Opinion d’un sociologue
Pour N’koué Sambiéni socio-anthropologue à l’université de Parakou, en général il y a des difficultés dans le fonctionnement quotidien de la famille polygamique. Mais, il y a également des aspects positifs notamment dans la gestion du travail, en tout cas de tout ce qui est charge. Si, continue-t-il, on regarde un peu les conflits à l’intérieur de la famille et la difficulté de gestion où très souvent le père dans l’incapacité de prendre en charge tous les enfants et toutes les mamans, se dérobe de tout pour ne pas faire des jalousies exacerbées, on peut dire que c’est quand même difficile de gérer une famille polygamique. Le sociologue n’a pas manqué d’évoquer le cas de ces femmes qui trouvent pénible le fait de vivre seule avec un homme et vont faire des pieds et mains pour que leur mari prennent une seconde épouse. « En tant que sociologue je ne peux pas dire que l’acte de ces femmes est mauvais, non », dit-il.
D’autres hommes préfèrent être monogames
Aujourd’hui les jeunes aspirent vivre avec une seule femme toute leur vie et cela est bien possible et très bénéfique à tout point de vue. Ayant fait l’expérience, le pasteur Ousmane Assane conseille, « c’est très possible, l’homme peut vivre avec une seule femme. Moi j’ai fait l’expérience, depuis 37 ans de mariage, je suis avec ma femme et je resterai monogame. C’est une question de volonté. » La polygamie se révèle alors comme une arme destructrice, qu’il va falloir savoir manipuler pour préserver la société.

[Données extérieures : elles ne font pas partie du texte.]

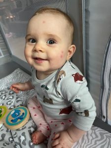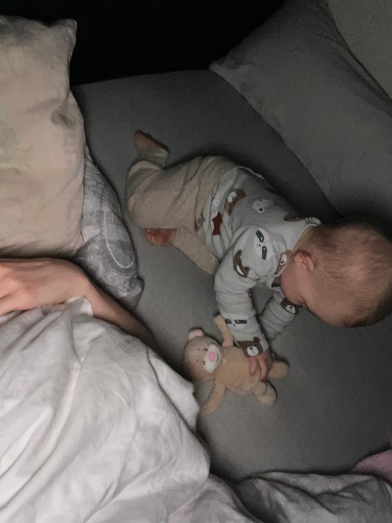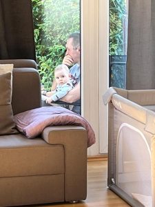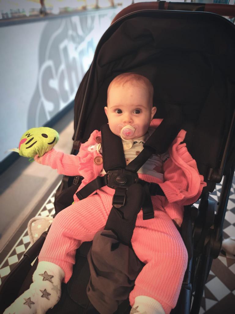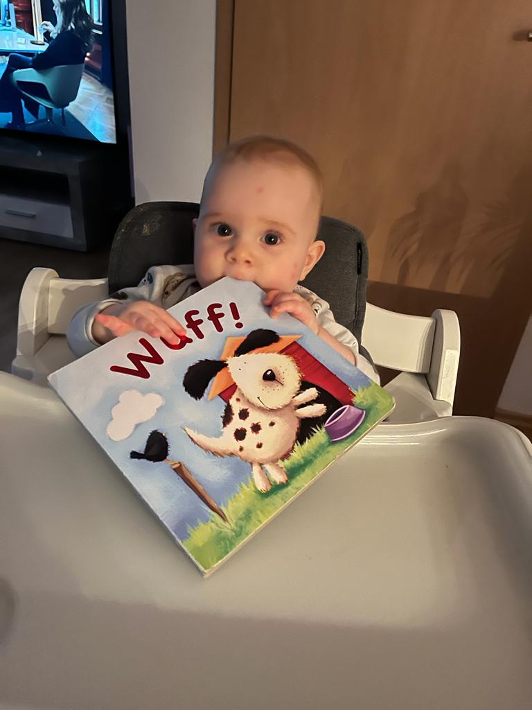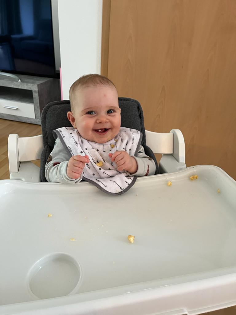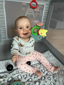 Ein ganz tolles Spielzeug ist diese Trommel, die auch Melodien abspielt. Das ist in Zukunft mein Lieblingsspielzeug. Zur Musik tanze ich im Sitzen.

La polygamie bien qu’elle semble résoudre et réduit les problèmes de prostitution, de célibat et d’enfants nés hors mariage, n’est pas sans répercussions sur les acteurs impliqués. L’idéal pour certains comme l’islamologue Issa Mohammed Awali serait d’opter pour la polygamie réglementée où l’équité et la justice règne au sein de la famille. Mais au vu du mal que cette pratique fait à la société en dissolvant le ciment familial mettant en péril la paix et la quiétude fraternelle et parentale, le mieux serait de s’en tenir à une femme.